AIM OF THE TASK – With the images excluded, set down every line of the listing below exactly.

+ + + +

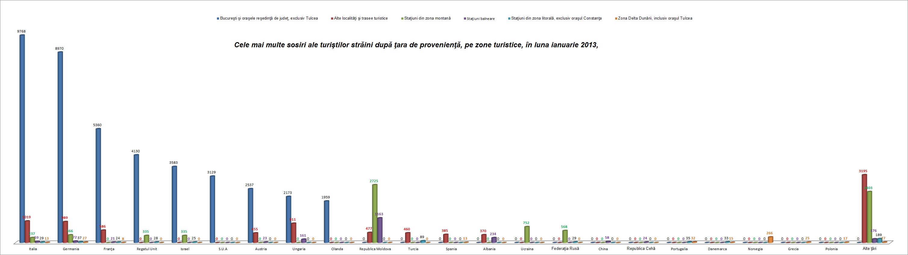 Sosirile vizitatorilor straini in Romania, inregistrate la punctele de frontiera, au fost in luna ianuarie 2013 de 461,5 mii, in scadere cu 4,1 % fata de luna ianuarie 2012. Majoritatea vizitatorilor straini provine din tari situate in Europa ( 95,7%). Din statele Uniunii Europene s-au inregistrat 61,8% din totalul sosirilor vizitatorilor straini in Romania. Dintre statele Uniunii Europene cele mai multe sosiri s-au inregistrat din Ungaria (33,7%), Bulgaria (24,4%), Germania (8,1%), Italia (7,9%), Polonia (4,9%) si Austria (4,5%).
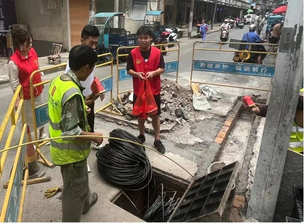 一块甜甜的西瓜,恰似夏日里的阵阵凉风,沁人心脾。一份清凉和关爱,一声"辛苦了",既表达了人们对高温作业下劳动工作者们的尊重和敬意,更饱含着社区对美丽社区建设者的深情关怀。
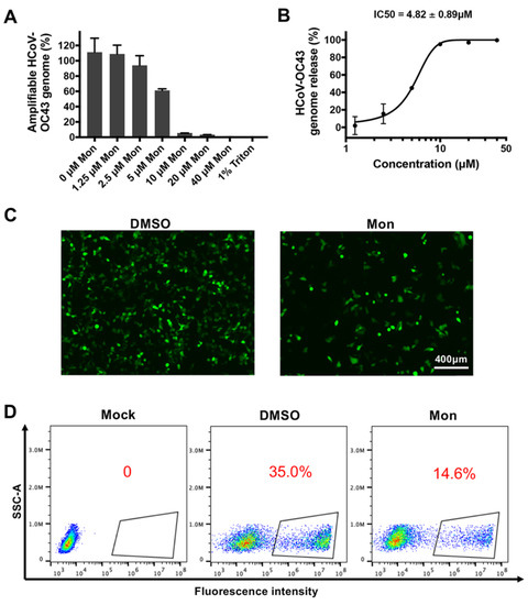 Montelukast (Mon) induced release of HCoV-OC43 genomic RNA by disrupting the integrity of the virions. (A). RNase digestion experiment was used to detect the genomic RNA unreleased by HCoV-OC43 treated with montelukast. The genomic RNA coding HCoV-OC43 nucleoprotein was detected. (B) The IC50 value of montelukast on release of HCoV-OC43 genomic RNA. (C) Montelukast affected the efficiency of transfection based on Lipoectamine 2000. The mixture of montelukast, EGFP plasmid, and Lipoectamine 2000 was incubated for 40 min at room temperature, and then added to the HEK-293T cell monolayer. Twenty-four hours after transfection, fluorescence microscopy and flow cytometry analysis detected the efficiency of transfection (D), scale bar: 400 µm; red numbers: the percentage of cells expressing EGFP. Data are presented as means ± SD.
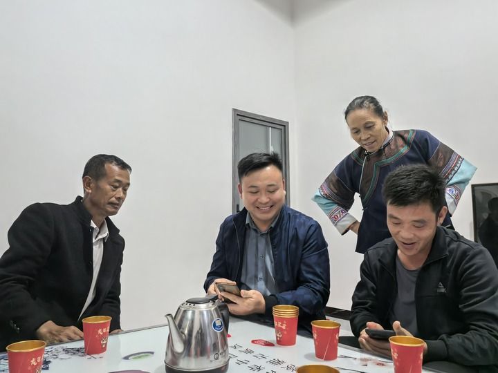 在村民田學軍(左一)家中,農前朝(左二)和村民查看手機中的咖啡樹照片。新華每日電訊記者 徐海濤 攝
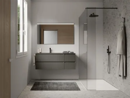 Mobili bagno sospesi Yang 10 di Ardeco: scopri l'Arredo Bagno in laccato opaco moderno e arreda il tuo bagno.
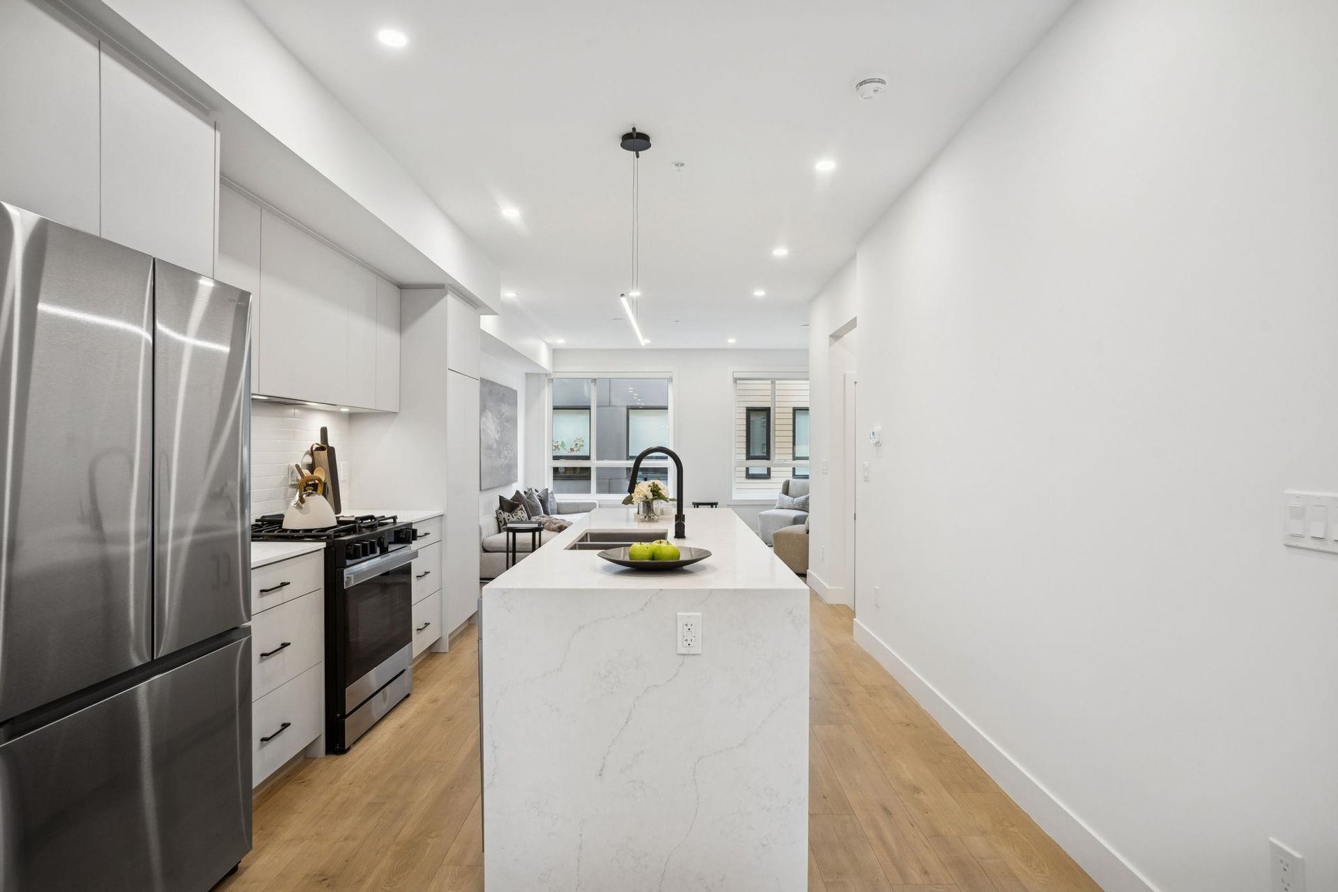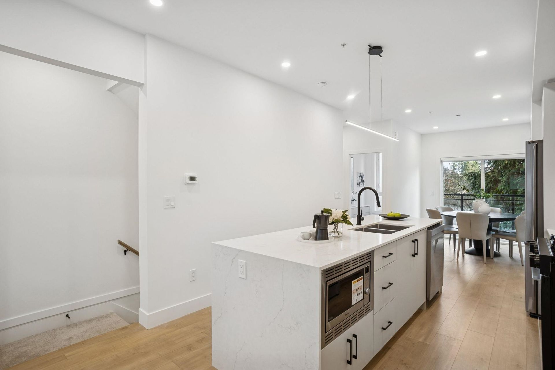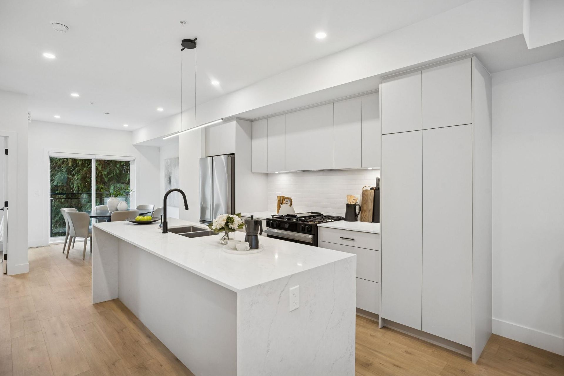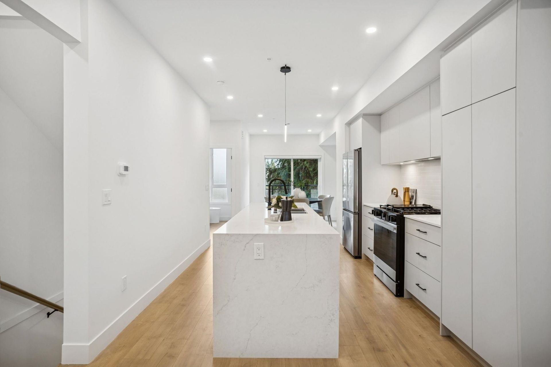 BRAND NEW 3 BEDROOM TOWNHOME WITH ROOFTOP DECK! This townhome features an open concept kitchen with sleek cabinetry, large kitchen island with quartz waterfall countertops, stainless steel appliances including gas range, flowing on durable laminate flooring into the spacious living and dining rooms and opens onto a patio with gas hookup. Appreciate 9' ceilings, oversized windows, forced air heating/air-conditioning and roller blinds throughout. Above is a primary suite with 4 piece , double vanity ensuite and 2 additional spacious bedrooms sharing a beautifully contemporary bathroom. This home features a 428SF rooftop deck and garage for 2 vehicles and EV charging! ***OPEN HOUSE: SAT, DEC 6 1-3PM & SUN, DEC 7 2-4PM***
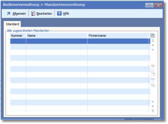 Über den Menüpunkt "Bearbeiten > Mandanten zuordnen" der Bedienerverwaltung im Designer können Sie den Bediener einem oder mehreren Mandanten zuordnen.
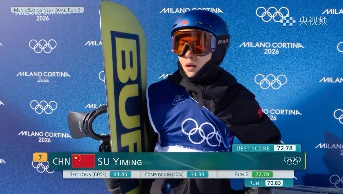 单板滑雪男子坡障技巧预赛叠穿技巧 苏翊鸣第二轮稳定发挥,拿下72.78分!两轮成绩:70.83分→72.78分,取最佳72.78分,稳稳晋级决赛!
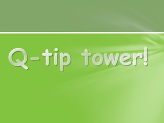 This document provides the rules for playing Q-tip tower, a game where players take turns placing individual Q-tips flat on top of an empty aluminum can to build a tower without making it fall. The youngest player goes first, each player earns points based on where Q-tips land when the tower falls, and the first to 25 points wins.
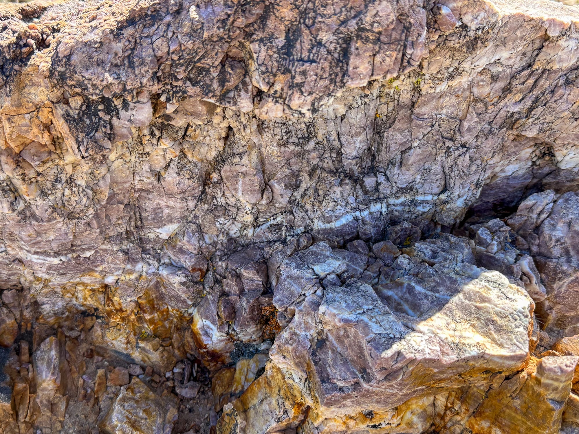 In addition to the jasperoid development, the area exhibits widespread silicification, particularly in the Johnnie Formation, Stirling Quartzite, and Wood Canyon Formation. This silicification is often cryptic but is expressed through fine, drusy quartz-lined fractures. Notably, at Rainbow Spring, the thick quartzites of the Johnnie Formation are partially to thoroughly silicified, brecciated, and re-silicified, with high concentrations of relict sulfide minerals undergoing intense leaching and goethitic alteration. The origin of these sulfide minerals—whether hydrothermal or preexisting metamorphic segregations—remains uncertain, although the hydrothermal hypothesis is favored.

+ + + +

EXERCISE ANSWER –
 Sosirile vizitatorilor straini in Romania, inregistrate la punctele de frontiera, au fost in luna ianuarie 2013 de 461,5 mii, in scadere cu 4,1 % fata de luna ianuarie 2012. Majoritatea vizitatorilor straini provine din tari situate in Europa ( 95,7%). Din statele Uniunii Europene s-au inregistrat 61,8% din totalul sosirilor vizitatorilor straini in Romania. Dintre statele Uniunii Europene cele mai multe sosiri s-au inregistrat din Ungaria (33,7%), Bulgaria (24,4%), Germania (8,1%), Italia (7,9%), Polonia (4,9%) si Austria (4,5%).
 一块甜甜的西瓜,恰似夏日里的阵阵凉风,沁人心脾。一份清凉和关爱,一声"辛苦了",既表达了人们对高温作业下劳动工作者们的尊重和敬意,更饱含着社区对美丽社区建设者的深情关怀。
 Montelukast (Mon) induced release of HCoV-OC43 genomic RNA by disrupting the integrity of the virions. (A). RNase digestion experiment was used to detect the genomic RNA unreleased by HCoV-OC43 treated with montelukast. The genomic RNA coding HCoV-OC43 nucleoprotein was detected. (B) The IC50 value of montelukast on release of HCoV-OC43 genomic RNA. (C) Montelukast affected the efficiency of transfection based on Lipoectamine 2000. The mixture of montelukast, EGFP plasmid, and Lipoectamine 2000 was incubated for 40 min at room temperature, and then added to the HEK-293T cell monolayer. Twenty-four hours after transfection, fluorescence microscopy and flow cytometry analysis detected the efficiency of transfection (D), scale bar: 400 µm; red numbers: the percentage of cells expressing EGFP. Data are presented as means ± SD.
 在村民田學軍(左一)家中,農前朝(左二)和村民查看手機中的咖啡樹照片。新華每日電訊記者 徐海濤 攝
 Mobili bagno sospesi Yang 10 di Ardeco: scopri l'Arredo Bagno in laccato opaco moderno e arreda il tuo bagno.
 BRAND NEW 3 BEDROOM TOWNHOME WITH ROOFTOP DECK! This townhome features an open concept kitchen with sleek cabinetry, large kitchen island with quartz waterfall countertops, stainless steel appliances including gas range, flowing on durable laminate flooring into the spacious living and dining rooms and opens onto a patio with gas hookup. Appreciate 9' ceilings, oversized windows, forced air heating/air-conditioning and roller blinds throughout. Above is a primary suite with 4 piece , double vanity ensuite and 2 additional spacious bedrooms sharing a beautifully contemporary bathroom. This home features a 428SF rooftop deck and garage for 2 vehicles and EV charging! ***OPEN HOUSE: SAT, DEC 6 1-3PM & SUN, DEC 7 2-4PM***
 Über den Menüpunkt "Bearbeiten > Mandanten zuordnen" der Bedienerverwaltung im Designer können Sie den Bediener einem oder mehreren Mandanten zuordnen.
 单板滑雪男子坡障技巧预赛叠穿技巧 苏翊鸣第二轮稳定发挥,拿下72.78分!两轮成绩:70.83分→72.78分,取最佳72.78分,稳稳晋级决赛!
 This document provides the rules for playing Q-tip tower, a game where players take turns placing individual Q-tips flat on top of an empty aluminum can to build a tower without making it fall. The youngest player goes first, each player earns points based on where Q-tips land when the tower falls, and the first to 25 points wins.
 In addition to the jasperoid development, the area exhibits widespread silicification, particularly in the Johnnie Formation, Stirling Quartzite, and Wood Canyon Formation. This silicification is often cryptic but is expressed through fine, drusy quartz-lined fractures. Notably, at Rainbow Spring, the thick quartzites of the Johnnie Formation are partially to thoroughly silicified, brecciated, and re-silicified, with high concentrations of relict sulfide minerals undergoing intense leaching and goethitic alteration. The origin of these sulfide minerals—whether hydrothermal or preexisting metamorphic segregations—remains uncertain, although the hydrothermal hypothesis is favored.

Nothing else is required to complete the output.